TASK INSTRUCTIONS: Every record is to be printed exactly as written, and any picture in it is skipped.

DATASET CONTENT:

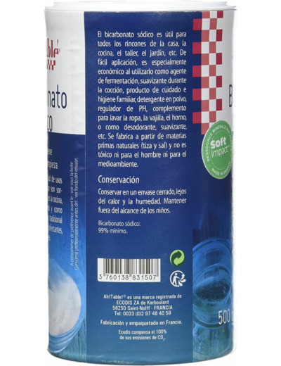 Le bicarbonate de sodium ou de soude (Na-HCO3) a de multiples qualités écologiques et est peu coûteux. La variété et la richesse de ses applications sont étonnantes. Le bicarbonate de soude peut ainsi remplacer de nombreux produits que vous payez si cher. Au lieu d’acheter poudre levant, produits anticalcaires, lessives chimiques, désodorisants et produits d’entretien. pensez donc au bicarbonate de soude. Agent nettoyant, adoucissant, abrasif, régulateur de pH, désodorisant, anticalcaire et adjuvant pour la cuisine. ses applications sont multiples. Bio Européen; Agriculture Biologique; Bio Vegan.
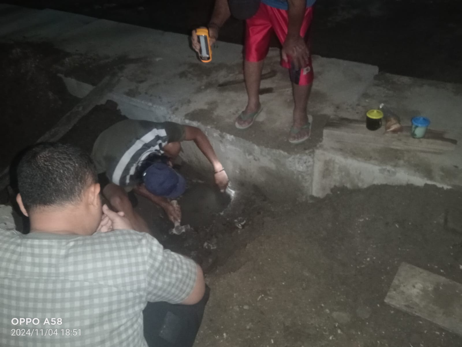 Dalam pantauan awak media pada hari Senin, 4 November 2024, terlihat sekelompok warga sedang melobangkan drainase menggunakan palu dan pahat Pada Jam 19:30 WIB Upaya ini dilakukan agar aliran air dapat kembali normal, menghindari genangan yang dapat menyebabkan bau busuk yang menyengat di lingkungan mereka.
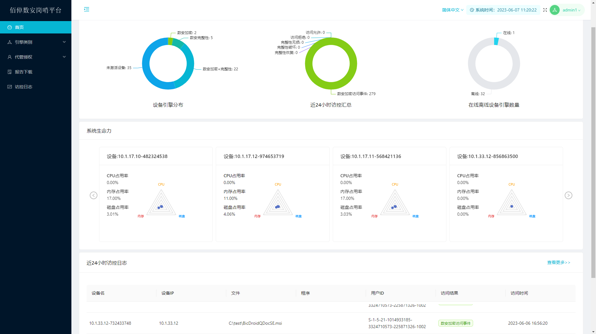 佰倬数安文件系统密码模块由客户端和服务端组成,已分别获颁国家商用密码产品认证证书(安全等级二级),其佰倬数安文件系统密码模块服务端(即中央岗哨平台)对各受保数据的机密性、完整性及内生安全性,实时进行集中的审计、监察和管理。
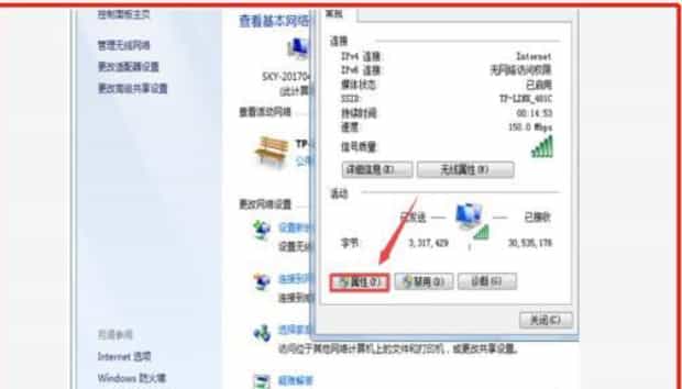 5、点击右下角小电脑,选择“打开网络和共享中心”,然后点击本地连接会出现一个弹框,然后点击【属性】
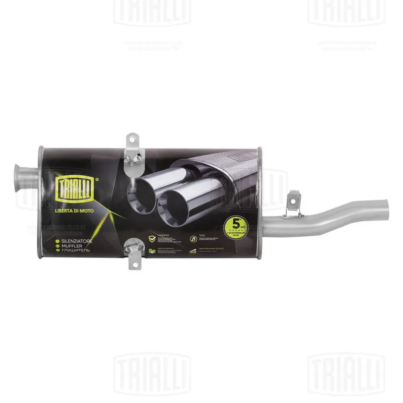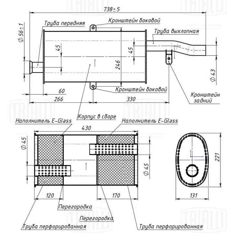 - Глушитель универсальный овальный (L=430, d=42) 131х221 смещ. 45мм (TRIALLI)!!!!
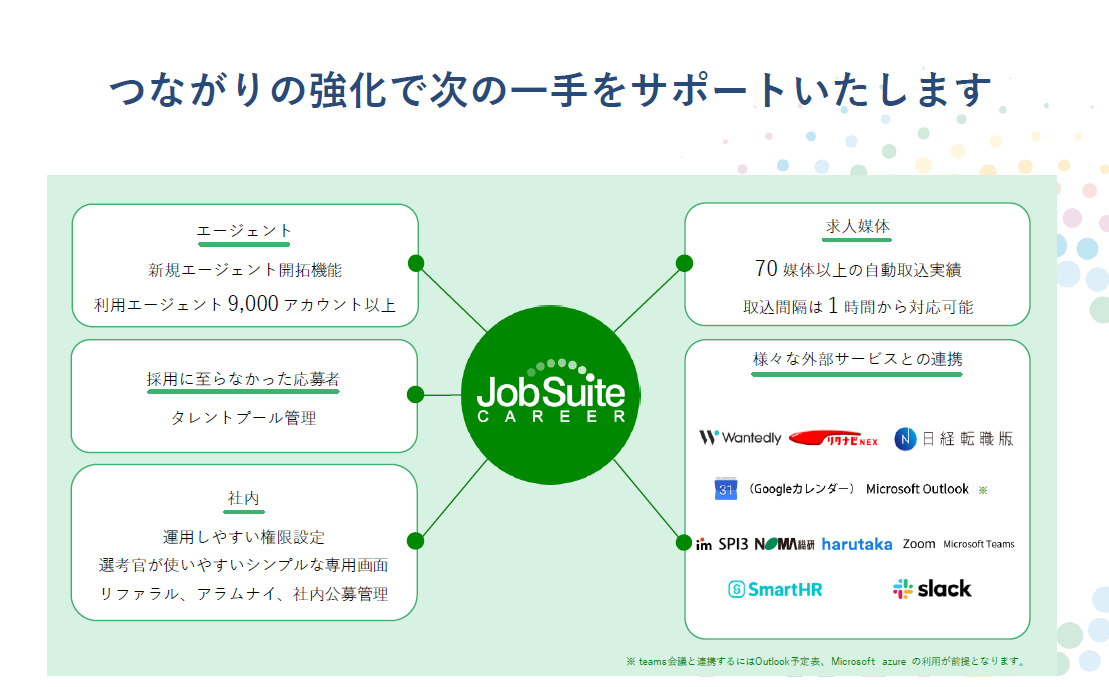 | 連携サービス | Wantedly / リクナビNEXT / 日経キャリアNet / インタビューメーカー / SPI3 / SCOA総合適性検査 / HARUTAKA / Googleカレンダー / Outlookカレンダー / Teams / Zoom / SmartHR / |

RESULT FOR THIS TASK:
 Le bicarbonate de sodium ou de soude (Na-HCO3) a de multiples qualités écologiques et est peu coûteux. La variété et la richesse de ses applications sont étonnantes. Le bicarbonate de soude peut ainsi remplacer de nombreux produits que vous payez si cher. Au lieu d’acheter poudre levant, produits anticalcaires, lessives chimiques, désodorisants et produits d’entretien. pensez donc au bicarbonate de soude. Agent nettoyant, adoucissant, abrasif, régulateur de pH, désodorisant, anticalcaire et adjuvant pour la cuisine. ses applications sont multiples. Bio Européen; Agriculture Biologique; Bio Vegan.
 Dalam pantauan awak media pada hari Senin, 4 November 2024, terlihat sekelompok warga sedang melobangkan drainase menggunakan palu dan pahat Pada Jam 19:30 WIB Upaya ini dilakukan agar aliran air dapat kembali normal, menghindari genangan yang dapat menyebabkan bau busuk yang menyengat di lingkungan mereka.
 佰倬数安文件系统密码模块由客户端和服务端组成,已分别获颁国家商用密码产品认证证书(安全等级二级),其佰倬数安文件系统密码模块服务端(即中央岗哨平台)对各受保数据的机密性、完整性及内生安全性,实时进行集中的审计、监察和管理。
 5、点击右下角小电脑,选择“打开网络和共享中心”,然后点击本地连接会出现一个弹框,然后点击【属性】
 - Глушитель универсальный овальный (L=430, d=42) 131х221 смещ. 45мм (TRIALLI)!!!!
 | 連携サービス | Wantedly / リクナビNEXT / 日経キャリアNet / インタビューメーカー / SPI3 / SCOA総合適性検査 / HARUTAKA / Googleカレンダー / Outlookカレンダー / Teams / Zoom / SmartHR / |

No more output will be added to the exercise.